Threat Modeling

Threat Modeling

Threat Modeling

Threats and risks are increasingly multi-dimensional in nature – spanning both physical and cyber space across multiple domains, (i.e. critical infrastructure, cyber, health and human services, public safety).

There is a critical need to share threat and risk information across these domains. A community of interest (COI) with standards can help spearhead the integration of threat & risk management and situational awareness along with the standards, technologies and capabilities to counter multi-dimensional threats.

Threat information sharing enables system engineers and architects to build systems-of-systems that implement and leverage the capabilities to share threats (and potentially actual attacks) across different organizations, IT systems and standards. To enable threat sharing across different protocol platforms and systems, a platform-independent model of threats is needed for establishing a common understanding.

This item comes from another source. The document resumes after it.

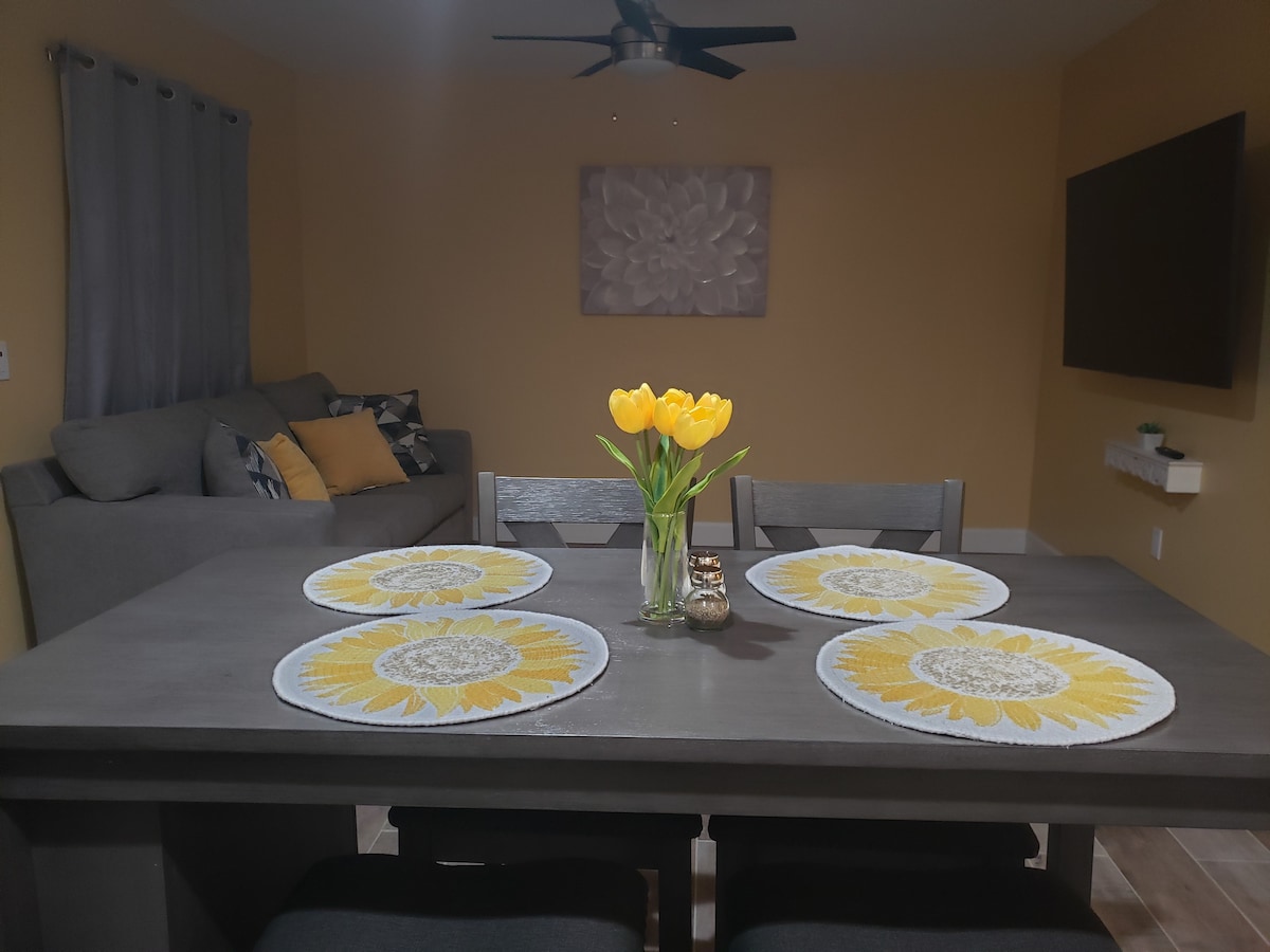 Maison d'hôtes Casita d'une chambre avec lit Queen Size. Séjour séparé avec cuisine complète. Salle de bain complète avec douche à l'italienne. Télévision 50 pouces dans le séjour et télévision 32 pouces dans la chambre. Notre casita dispose du wifi. Tout est tout neuf ici, y compris un nouveau remodelage. La Casita est très privée par rapport à la maison principale et dispose de son propre parking et de son propre espace extérieur. Lave-linge et sèche-linge dans le logement avec tout ce dont vous avez besoin pour profiter de votre séjour. Emplacement idéal près de South Mountain, de l'aéroport et du centre-ville.

The Object Management Group® (OMG®) System Assurance Task Force in collaboration with the Government Domain Task Force has issued a Request for Proposal (RFP) for a Unified Modeling Language (UML®) Threat & Risk Model. The RFP called for a conceptual model for operational threats and risks that unifies the semantics of and can provide a bridge across multiple threat and risk schema and interfaces. The conceptual model will be informed by high-level concepts as defined by the cyber domain (E.G. STIX), existing NIEM domains and other applicable domains, but is not specific to those domains. This will enable combined cyber, physical, criminal, and natural threats and risks to be federated, understood, and responded to effectively. The conceptual model will then be mapped to multiple exchange schema to provide for federated analytics of information from multiple sources as well as translation between exchange formats.

Implementations of this standard will “connects the dots” between dispirit information sources and translate between different formats and vocabularies using standards-based solutions based on a common understanding of threats (and potentially actual attacks). These solutions will leverage their capabilities to share threats regardless of the technology, schema, organization or domain.